'''

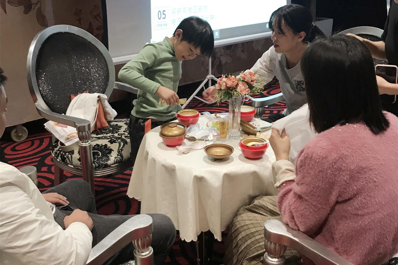 隨后迎來“重頭戲”金湯碗燕的品鑒環(huán)節(jié),客戶們將金湯料包倒入碗中攪動,等待幾分鐘的加熱之后打開,房間內(nèi)瞬間彌漫著濃濃香氣。剛將碗燕送入口中,就有客戶點頭:“金湯碗燕味道真的很棒,而且自加熱的科技也很適合冬天吃。”還有客戶豎起大拇指說:“創(chuàng)意革新,回味無窮!”還有不少客戶表示:“平時都是吃甜口味的燕窩,換成金湯碗燕這樣咸口味燕窩,搭配一下也很好。”
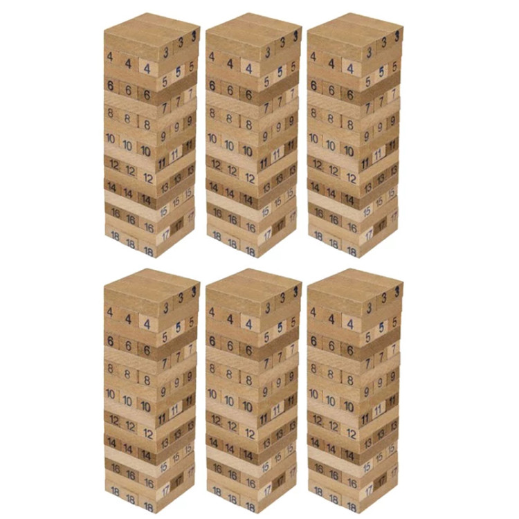 اقلام همراه: 6 عدد برج هیجان هرکدام دارای 48 عدد قطعه چوبی جنگا و 3 عدد تاس
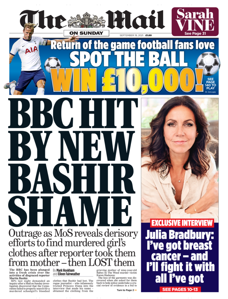 Η Mail της Κυριακής αναφέρει ότι το BBC έχει «βυθιστεί σε μια νέα κρίση» σχετικά με τις δραστηριότητες του δημοσιογράφου Martin Bashir. Η εφημερίδα γράφει ότι απέτυχε να αναζητήσει σωστά τα ματωμένα ρούχα μιας δολοφονημένης μαθήτριας που είχαν χαθεί από τον Bashir, ο οποίος εκείνη την εποχή εργαζόταν στο BBC. Το BBC και ο κ. Bashir έχουν ζητήσει συγγνώμη και για τις συνθήκες που σχετίζονται με την απώλεια των ρούχων. “Τώρα οι συσκευές εισπνοής κατηγορούνται για την υπερθέρμανση του πλανήτη”, είναι ένας ακόμη τίτλος στη Mail της Κυριακής, αφού η GlaxoSmithKline δήλωσε ότι οι συσκευές ήταν η μεγαλύτερη μοναδική πηγή εκπομπών αερίων θερμοκηπίου. Η Mail αναφέρει ότι η φαρμακευτική εταιρεία έχει ξεκινήσει τώρα τη διαδικασία εύρεσης διαδόχου της μπλε συσκευής εισπνοής Ventolin.
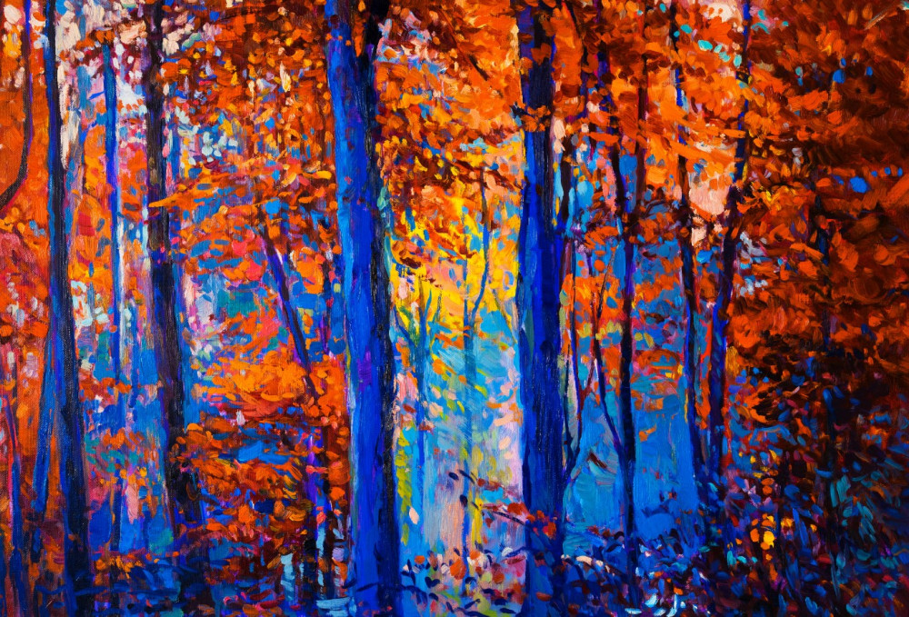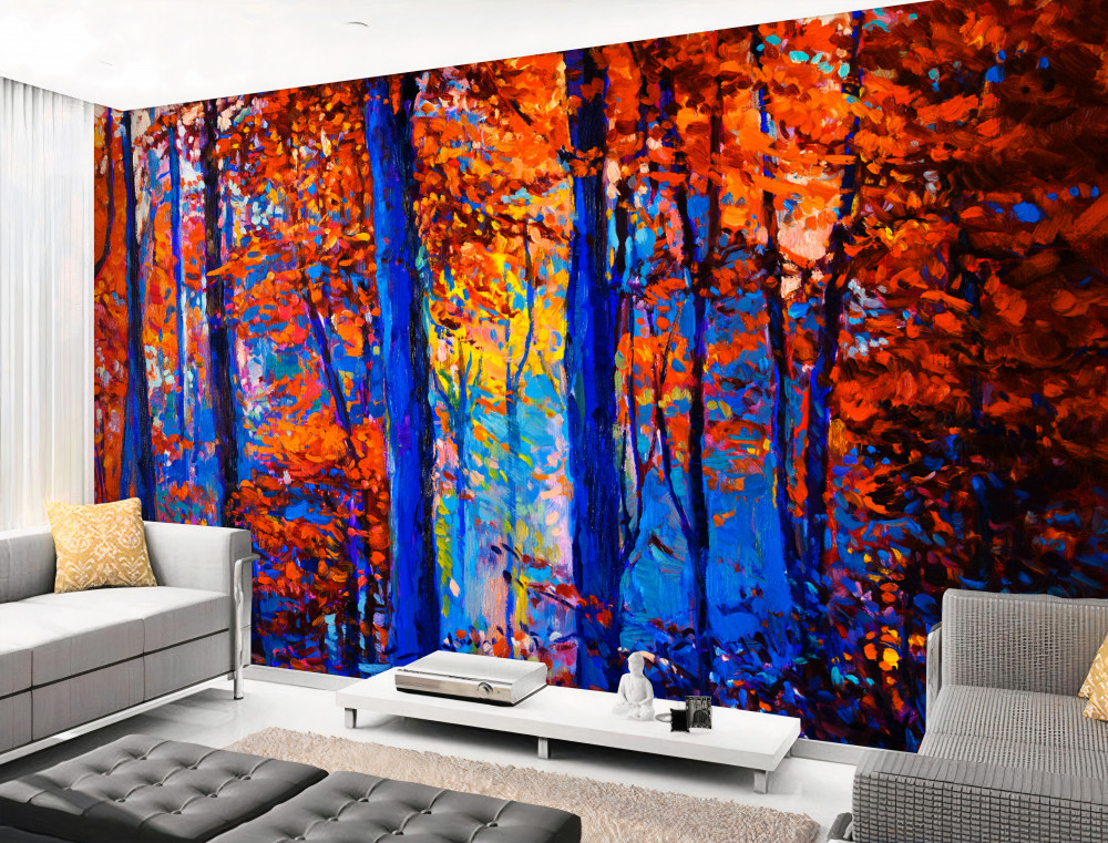 Tapeta Fototapeta kontrast jesiennych kolorów w lesie (artykuł a92241 ) z kategorii Fototapety Natura
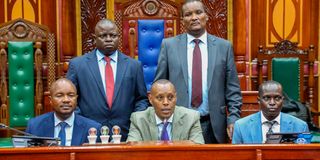 The chairperson National Assembly Committee on Defence, Intelligence, and Foreign Relations Nelson Koech (centre) Vice Chair Elijah Memusi (left) and committee members addressing the media at County Hall Nairobi, on Tuesday, April 9, 2024.
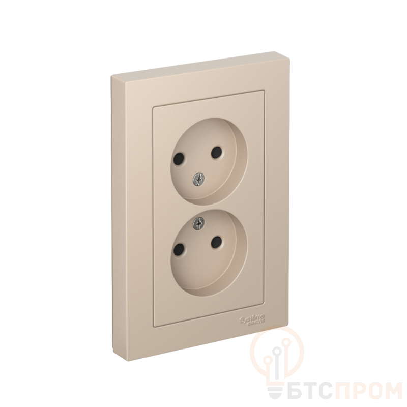 Розетка двойная Systeme Electric (ранее Schneider Electric) серии AtlasDesign (в сборе, цвет песочный) без заземления со шторками подходит для сетей 250 В, на ток 16 А. Лицевые детали из качественного ABS-пластика, устойчивого к царапинам и УФ-излучению. Двойная розетка позволяет подключить два устройства в одном месте. Изделие поставляется в комплекте с рамкой того же цвета.
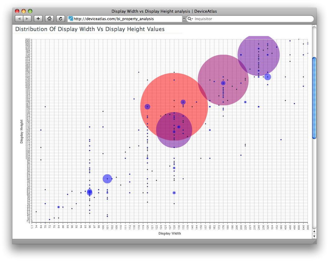 Here, the size – and colour – of the bubbles is dictated by the number of devices sharing those two values. Immediately, it's clear from this that the most common screen size is 128px x 160px (shared by over 850 devices). Hovering over the bubble gives you stats, and clicking drills you down to a list of devices matching those criteria.

'''

ASSIGNMENT —
Every line from the start of the listing above through the line with "The chairperson National" should be repeated exactly; skip the pictures and add nothing else.

SOLUTION TO THIS PROBLEM —
 隨后迎來“重頭戲”金湯碗燕的品鑒環(huán)節(jié),客戶們將金湯料包倒入碗中攪動,等待幾分鐘的加熱之后打開,房間內(nèi)瞬間彌漫著濃濃香氣。剛將碗燕送入口中,就有客戶點頭:“金湯碗燕味道真的很棒,而且自加熱的科技也很適合冬天吃。”還有客戶豎起大拇指說:“創(chuàng)意革新,回味無窮!”還有不少客戶表示:“平時都是吃甜口味的燕窩,換成金湯碗燕這樣咸口味燕窩,搭配一下也很好。”
 اقلام همراه: 6 عدد برج هیجان هرکدام دارای 48 عدد قطعه چوبی جنگا و 3 عدد تاس
 Η Mail της Κυριακής αναφέρει ότι το BBC έχει «βυθιστεί σε μια νέα κρίση» σχετικά με τις δραστηριότητες του δημοσιογράφου Martin Bashir. Η εφημερίδα γράφει ότι απέτυχε να αναζητήσει σωστά τα ματωμένα ρούχα μιας δολοφονημένης μαθήτριας που είχαν χαθεί από τον Bashir, ο οποίος εκείνη την εποχή εργαζόταν στο BBC. Το BBC και ο κ. Bashir έχουν ζητήσει συγγνώμη και για τις συνθήκες που σχετίζονται με την απώλεια των ρούχων. “Τώρα οι συσκευές εισπνοής κατηγορούνται για την υπερθέρμανση του πλανήτη”, είναι ένας ακόμη τίτλος στη Mail της Κυριακής, αφού η GlaxoSmithKline δήλωσε ότι οι συσκευές ήταν η μεγαλύτερη μοναδική πηγή εκπομπών αερίων θερμοκηπίου. Η Mail αναφέρει ότι η φαρμακευτική εταιρεία έχει ξεκινήσει τώρα τη διαδικασία εύρεσης διαδόχου της μπλε συσκευής εισπνοής Ventolin.
 Tapeta Fototapeta kontrast jesiennych kolorów w lesie (artykuł a92241 ) z kategorii Fototapety Natura
 The chairperson National Assembly Committee on Defence, Intelligence, and Foreign Relations Nelson Koech (centre) Vice Chair Elijah Memusi (left) and committee members addressing the media at County Hall Nairobi, on Tuesday, April 9, 2024.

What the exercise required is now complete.